PSMS Medan sendiri tentu mendapatkan keuntungan besar dengan kehadiran pemain berpengalaman seperti Hidayat. Selain kualitas di lapangan, ia membawa aura kepemimpinan dan mental juara yang sudah teruji.

Dengan harga pasar terakhir mencapai Rp 1,30 miliar per 29 Mei 2025, kehadiran Hidayat di Championship menjadi suntikan moral besar bagi tim Ayam Kinantan.

Ambisi PSMS untuk kembali ke Super League akan mendapat tambahan energi dari pengalamannya.

Kini, tantangan baru menanti Hidayat di Kota Medan. Baginya, warna hijau tak akan pernah pudar, hanya saja kali ini ia akan mengenakannya di medan yang berbeda.

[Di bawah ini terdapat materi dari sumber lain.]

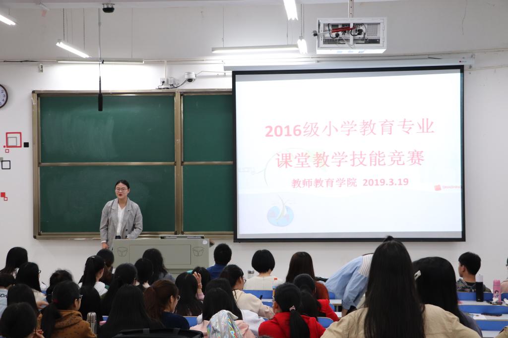 为提高小学教育专业全科教师毕业生的教育教学技能和综合素质, 3月19日下午,beat365中文官方网站2016级毕业生教学技能大赛在社科楼121教室成功举行。beat365官网教学督导专家、教授方勤华、张祥耀、谭阿明、巫梦晓、杨紫涵等相关专业教师共同出席大赛并担任评委,80余学生到场进行观摩学习。

Baca Juga: Dimas Galih Comeback! Eks Kiper Persebaya Surabaya Terbang ke PSBS Biak, Gantikan John Pigai yang Hengkang ke Persipura Jayapura

Bagi Bonek, doa mereka sudah terucap. Tugas PSMS adalah menjaganya, menghargai jasanya, dan memberi panggung agar sang legenda tetap berkilau.

Dan seperti bait doa yang terus mengalir di kolom komentar, perjalanan Muhammad Hidayat di PSMS akan selalu mendapat pantauan dari Surabaya. Karena bagi Bonek, legenda tak pernah benar-benar pergi.